DogsBlog.com
- Formation: January 2007
- Region served: United Kingdom
- Official language: English
- Leader: Kim Bruce Ryan O'Meara
- Parent organization: K9 Media Ltd
- Website: www.dogsblog.com

= DogsBlog.com =

UK dog rescue website

DogsBlog.com is a UK dog rescue website founded by Ryan O'Meara and Kim Bruce, and set up by K9 Media Ltd. It was launched in January 2007, and has since found new homes for over 21,000 dogs via the website which provides a free service for 212 different rescue shelters.

==Achievements==
Ben, an 8 year old Shih Tzu, was the 2,000th dog rehomed via the website in May 2008. 3,000 dogs were resettled in new homes by November 2008 with a success rate of 75%; for every 100 dogs listed on the website, 75 were rehomed. Also during this period it had seen a big growth in web traffic, with a 334.98% increase in visitor traffic during the year.

The 4,000 milestone was announced on 14 March 2009 with both the 4,000th and 4,001st dogs, named Charlie and Millie, two German Shepherd cross Collie puppies. It was also announced at the same time that since its foundation, DogsBlog.com had relieved the animal welfare industry in the UK of more than £9,490,000 of financial strain.
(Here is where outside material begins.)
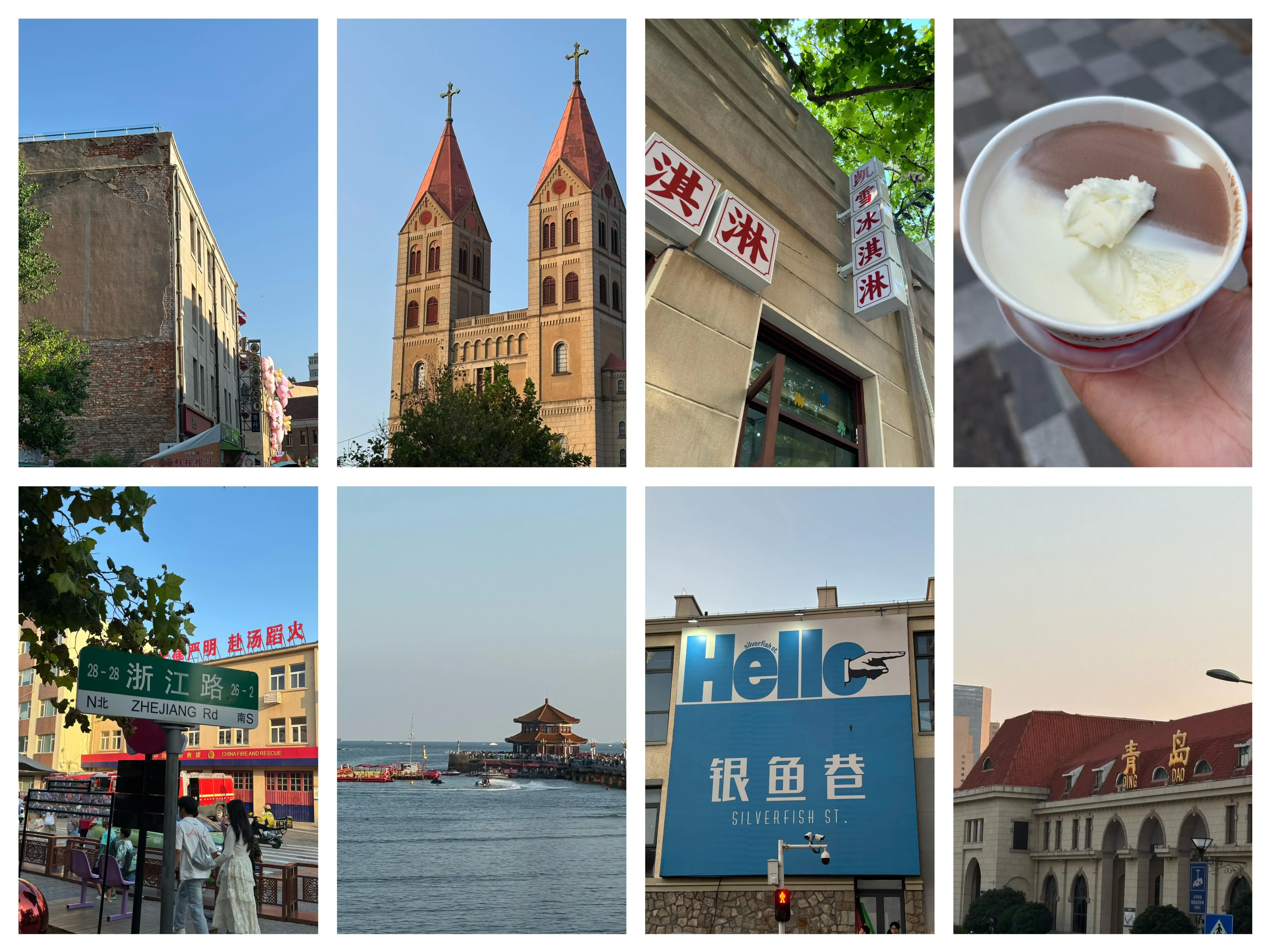 随后前往中山路,途经浙江路时拍照留念。参观了天主教堂外观,虽然教堂本身显得有些孤立。品尝了凯雪冰淇淋,可惜没能尝到薄荷味。在人头攒动的栈桥留影,感受这座城市的标志性建筑。
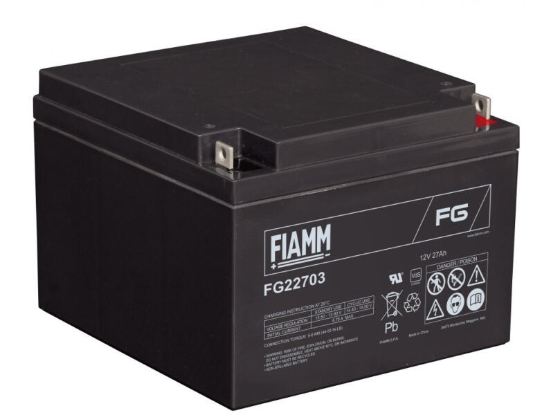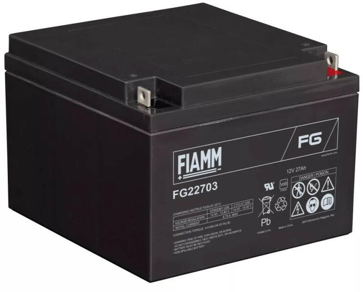 A FIAMM FG22703 egy nagyobb kapacitású, ipari felhasználásra szánt zárt (VRLA), zselés ólomakkumulátor. Ideális közepes és nagyobb energiaigényű alkalmazásokhoz, mint például szünetmentes tápegységek (UPS), vészvilágítás vagy orvosi eszközök. Műszaki adatok : Feszültség : 12 V Kapacitás : 27 Ah Technológia : Zárt, gondozásmentes ólomakkumulátor zselés elektrolit

The 6,000th dog adopted via the website was Ruby, an English Bull Terrier cross Staffordshire Bull Terrier in August 2009. The website has worked with the national media in the United Kingdom to change the public opinion of dogs in rescue centres.

==Campaign ==
DogsBlog.com ran the UK's first National Dog Adoption Month in August 2008. Kim Bruce from DogsBlog.com said "The campaign aims to completely dispel the myth that rescue dogs need pity or sympathy or that dogs in shelters are somehow there due to problems in their makeup, physical or emotional." A 227% increase in dog adoptions was noted during the month.